The end of the school year makes it appropriate to review, evaluate and offer observations on the state of high school sports in California. Whether leaders in charge like it or not, they need to hear suggestions and feedback, good and bad, from people without fear of retribution, so let me take a shot.

There have been absurd rumors of some private schools wanting to form their own media networks outside the CIF similar to what the University of Notre Dame does in college. Others want to keep challenging the line between education-based sports and those who want to be part of national championships driven by people seeking to make a buck with fewer rules in place. Good luck and goodbye if that’s what you want.

It’s a tricky time.

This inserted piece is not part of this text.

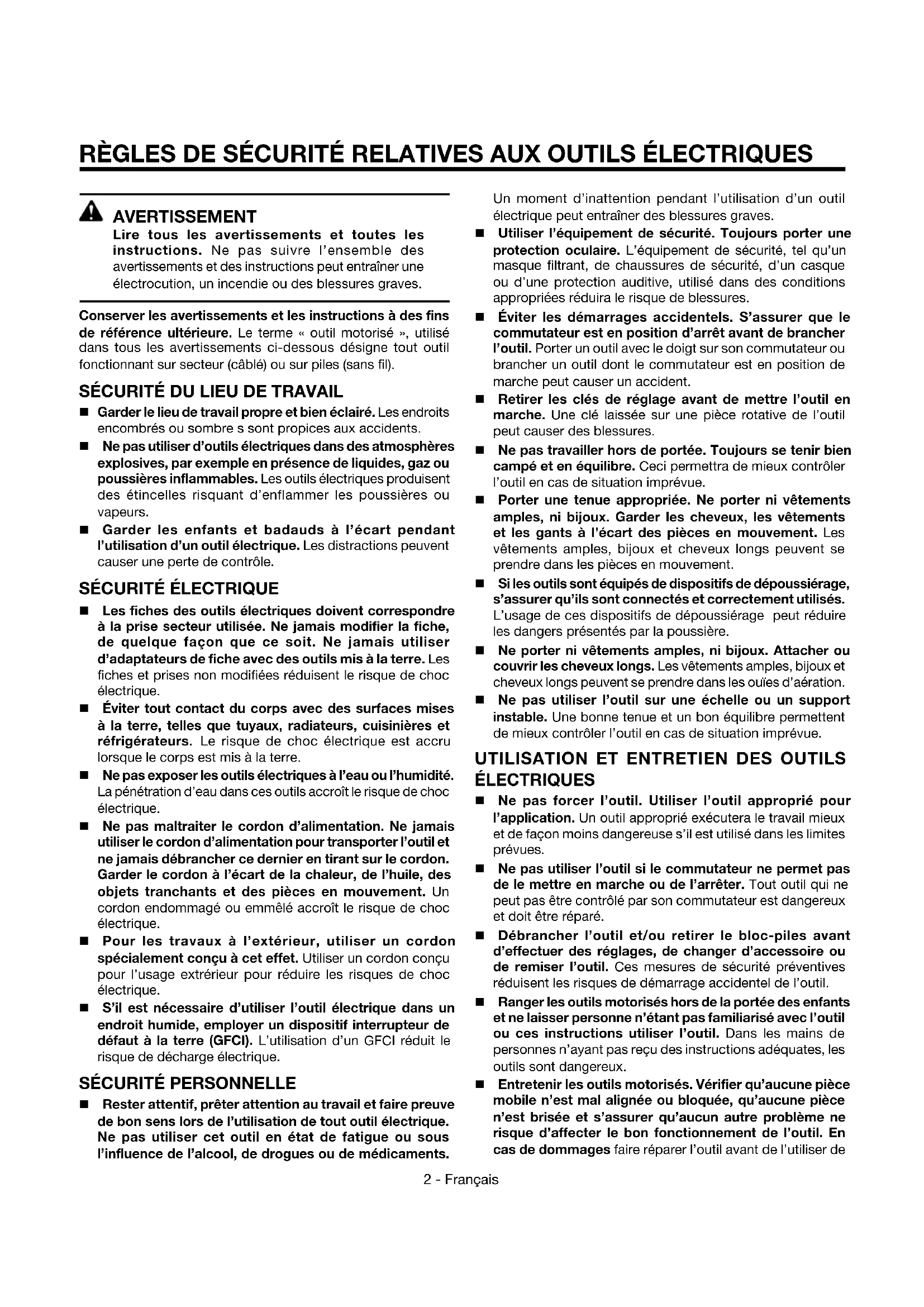 Les fiches des outils électriques doivent correspondre à la prise secteur utilisée. Ne jamais modifier la fiche, de quelque façon que ce soit. Ne jamais utiliser d’adaptateurs de fiche avec des outils mis à la terre. Les fiches et prises non modifiées réduisent le risque de choc électrique. Éviter tout contact du corps avec des surfaces mises à la terre, telles que tuyaux, radiateurs, cuisinières et réfrigérateurs. Le risque de choc électrique est accru lorsque le corps est mis à la terre. Ne pas exposer les outils électriques à l’eau ou l’humidité. La pénétration d’eau dans ces outils accroît le risque de choc électrique. Ne pas maltraiter le cordon d’alimentation. Ne jamais utiliser le cordon d’alimentation pour transporter l’outil et ne jamais débrancher ce dernier en tirant sur le cordon. Garder le cordon à l’écart de la chaleur, de l’huile, des objets tranchants et des pièces en mouvement. Un cordon endommagé ou emmêlé accroît le risque de choc électrique. Pour les travaux à l’extérieur, utiliser un cordon spécialement conçu à cet effet. Utiliser un cordon conçu pour l’usage extrérieur pour réduire les risques de choc électrique. S’il est nécessaire d’utiliser l’outil électrique dans un endroit humide, employer un dispositif interrupteur de défaut à la terre (GFCI). L’utilisation d’un GFCI réduit le risque de décharge électrique.

Club sports remain integral in the college recruiting game, if not more important than ever. Private coaches and “scholarship hustlers” keep seeking greater influence, because that’s how they make money. They’re in competition with teachers and school-based coaches. Lessons learned can be the exact opposite of what is taught at schools, and parents don’t care as long as it leads to a free college education. There’s some exceptional private coaches who should be embraced and others who should carry a sign, “Beware.”

So who is going to fight for the CIF to remain relevant and worthy, and what changes or protections must be maintained? That’s where administrators, coaches, players, parents and even sportswriters need to be to be encouraged to offer ideas, solutions and heart-felt criticism to improve an environment that must not be allowed to look anything like the chaos and wild-west atmosphere of the college sports experience.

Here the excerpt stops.